Tasting the winner’s tipple was an important marker for Bottas, whose impressive early season pace dropped off dramatically after the August mid-season break.
His slow recovery to race-winning form took him to pole in Brazil two weeks ago only to see the lead snatched from him at the first turn, but in Abu Dhabi he made no such errors en route to the top step of the podium.
“I’m very happy for him, for his brain, [after] the problems he’s had during the year,” Mercedes non-executive chairman Niki Lauda told Sky Sports F1. “I’m really happy for him and his team, his mechanics – everybody.”
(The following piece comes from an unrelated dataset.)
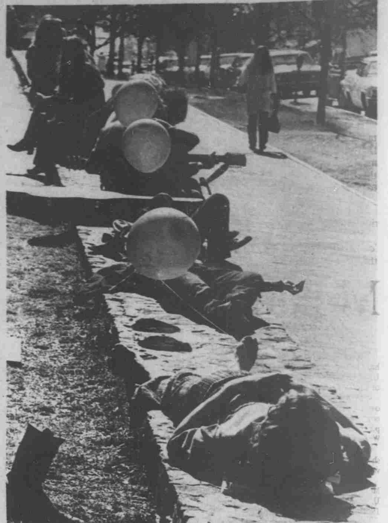
Thursday was a lazy day. Just right for stretching out and taking a snooze in the sun. But what about your Campus Chest balloon? Why tie it to your big toe, of course.

Governors, lieutenant governors, and various members of the residence college administrative staff were encouraged to attend.

The Yas Marina Circuit offered little in the way of action behind the leading Mercedes cars, but as the final round of the year the Abu Dhabi Grand Prix had a number of stories ready-made, chief amongst them the retirement of F1 stalwart Felipe Massa.
After briefly retiring last year only to be recalled when Bottas was drafted to Mercedes to replace the suddenly outbound Nico Rosberg, Massa took his second and presumably definitive bow in Formula One with a 10th-place finish.
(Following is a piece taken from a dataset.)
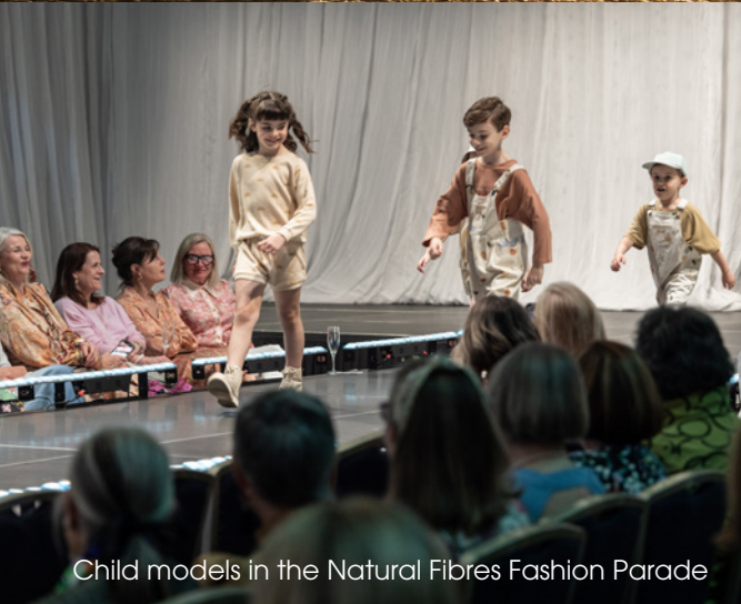
Child models in the Natural Fibres Fashion Parade

The sport will remember Massa fondly and for the emotional scenes at the end of the 2008 Brazilian Grand Prix, where he lost the championship to Lewis Hamilton in the final seconds of a chaotic race.
The dignity with which he conducted himself on the podium, having won the race but lost the ultimate prize, will stick fast in the sport’s collective consciousness forever.
A far less emotional farewell took place in McLaren’s motorhome, where the sport’s second most successful team finally reached the end of its wretched three-year relationship with engine partner Honda.
McLaren drafted Honda back into the sport from 2015 in an effort to rekindle the duo’s glory years of the late 1980s and early 1990s, but the Japanese company could bring the English team only broken dreams.
Asked for his fondest memories of the season, tortured star Fernando Alonso responded, “The Indianapolis  weeks were definitely the highlight of the year for me,” referring to his decision to skip the Monaco Grand Prix in favour of an IndyCar sojourn.
But with a deal to use Renault power from 2018 now in place, the mood at McLaren-post race was one of optimism for brighter days ahead.
With most of the loose ends tied up by the end of the race – only Williams and Sauber’s driver line-ups remain unconfirmed – Formula One had a final announcement to make when podium compeers Martin Brundle and David Coulthard introduced a replacement to Formula One’s 23-year-old logo.
The change will mark January’s one-year anniversary of Liberty Media buying F1’s commercial rights and will be the centre of a whole-of-brand relaunch that will include a new television presentation, a fresh digital presence and, crucially, online broadcasts of the 2018 season in select territories.
The relaunch further distances the sport from its Bernie Ecclestone era and is the first step in what will be a commercial and technical overhaul of Formula One by 2021.
The end of 2017 is less a page-turn and more of a fresh chapter, then, for Formula One ahead of the 2018 season – if only someone could beat those silver Mercedes cars.